Urology 51(3): 455-459, 1998.
Stenner J, Holthaus K, Mackenzie SH, et al.
To measure the impact of ejaculation on the serum levels of prostate-specific antigen (PSA) in a prostate cancer-screening population.
Questionnaires regarding history of ejaculation were administered to all participants in a prostate cancer-screening trial. Two groups were analyzed. The first cohort consisted of 618 men who answered the questionnaire, and their serum PSA values were compared according to time since last ejaculation. The second cohort consisted of 89 volunteers who agreed to come back for a postejaculation PSA for whom a before and after ejaculation PSA was measured. Regression analysis was conducted between change in PSA and time since ejaculation as well as in the magnitude of change and baseline PSA.

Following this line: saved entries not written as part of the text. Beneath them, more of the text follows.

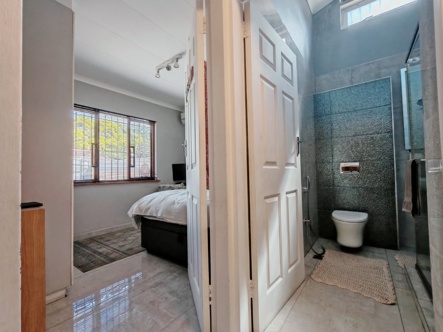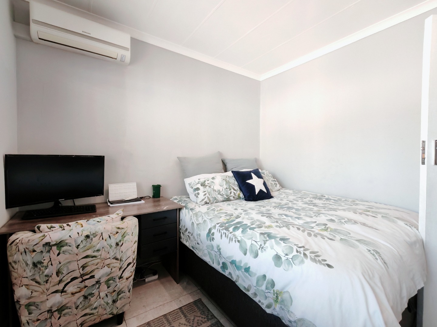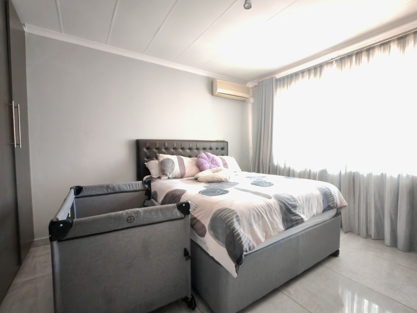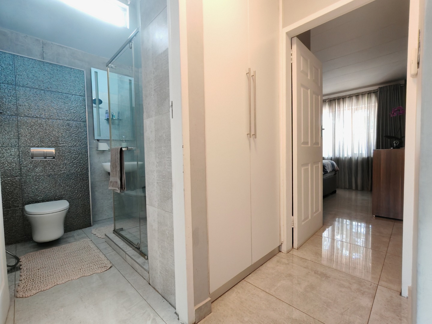 Both bedrooms are fitted with built-in cupboards and air conditioning, ensuring ample storage and year-round comfort. The modern bathroom is beautifully finished, featuring a sleek wall-hung toilet and a spacious walk-in shower.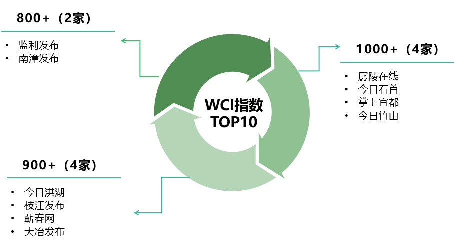 從WCI指數(shù)來看,本期上榜單位WCI值整體較6月得分上升,1000以上的有4個,900-1000區(qū)間的也有4個。“今日石首”WCI增量下降,主要是因為閱讀總數(shù)增量、平均閱讀數(shù)增量均有減少,且其頭條文章閱讀增量為10799次,遠不及“孱陵在線”的79063次,另外,其在看總數(shù)、最大閱讀數(shù)均不及第一名,盡管在看總數(shù)增量超過“孱陵在線”,但遺憾未能保持冠軍地位。“枝江發(fā)布”WCI增量最高,主要是因為平均閱讀數(shù)、頭條文章閱讀增量均為最高,文章總增量排名第二,其在看總數(shù)增量、最大點贊數(shù)均表現(xiàn)不俗。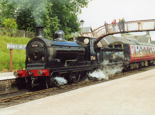 The former Caledonian Railway loco photographed running in BR black as 57566 at Boat of Garten station.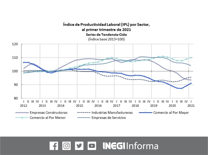 La productividad laboral en México reportó una contracción durante los primeros tres meses de 2021 respecto al trimestre inmediato anterior, informó esta mañana el Instituto Nacional de Estadística y Geografía (Inegi).Con lo anterior se acumulan tres trimestres consecutivos a la baja en la productividad de la mano de obra mexicana, en el marco de la pandemia por COVID-19.El inegi señaló que en el primer trimestre de 2021 el Índice Global de Productividad Laboral de la Economía por hora trabajada, que resulta de la relación entre el Producto Interno Bruto a precios constantes y el factor trabajo de todas las unidades productivas del país, registró un nivel de 100.9 puntos, cifra 0.7% inferior a la reportada en el trimestre anterior. De manera desagregada, los resultados del Índice Global de Productividad Laboral por grupos de actividad económica con base en las horas trabajadas fueron los siguientes: en las actividades industriales retrocedió 1.4% y en las actividades agropecuarias cayó 0.9%, mientras que en los servicios ascendió 0.4%. El Índice de Productividad Laboral se define como el cociente entre el índice del valor de la producción a precios constantes en un periodo determinado, y el índice de horas trabajadas o el índice de personal ocupado total en el mismo periodo.El Índice de Productividad Laboral con base en horas trabajadas en los establecimientos de las empresas de la construcción creció 0.5% y en los de las industrias manufactureras 0.2% en el trimestre enero-marzo del año en curso respecto al trimestre que le precede.Por su parte, el Índice de Productividad Laboral en las empresas comerciales y de servicios (definido como el índice de los ingresos reales entre el índice de personal ocupado) reportó el siguiente comportamiento: en las empresas de comercio al por mayor subió 2.7% y en las de comercio al por menor 0.9%, en tanto que en las de servicios privados no financieros disminuyó 1.4% durante el primer trimestre de 2021 frente al trimestre inmediato anterior.El Índice del Costo Unitario de la Mano de Obra, es un indicador complementario al índice de productividad laboral, el cual resulta de relacionar el costo por unidad de insumo laboral (remuneraciones medias reales), con la medida de la productividad laboral.El Índice del Costo Unitario de la Mano de Obra en los establecimientos manufactureros se redujo 0.2% y tanto en las empresas de comercio al mayoreo como en las de comercio al menudeo retrocedió 2.6%; por su parte, en las empresas de la construcción creció 2.2% y en la de servicios privados no financieros 1.3% en el trimestre enero-marzo de 2021 frente al trimestre inmediato anterior.NR

The mean (+/-SD) age of the studied population was 60.43 +/- 9.23 years. A non-statistically significant difference in PSA levels was observed for either cohort. For the 89 volunteers the mean PSA change after ejaculation was -0.62 +/- 0.75 (not significant). Initially, the PSA decreased, and then after 9 hours a steady increase was observed. After 12 hours, the serum PSA returns to baseline. The regression analysis between baseline PSA and magnitude of change showed a strong correlation (r = .557). The higher the baseline PSA, the greater the magnitude of change.
FOR the total screened population, ejaculation has no clinically significant effect. Men should not be asked to abstain from sexual activities before a PSA-screening test.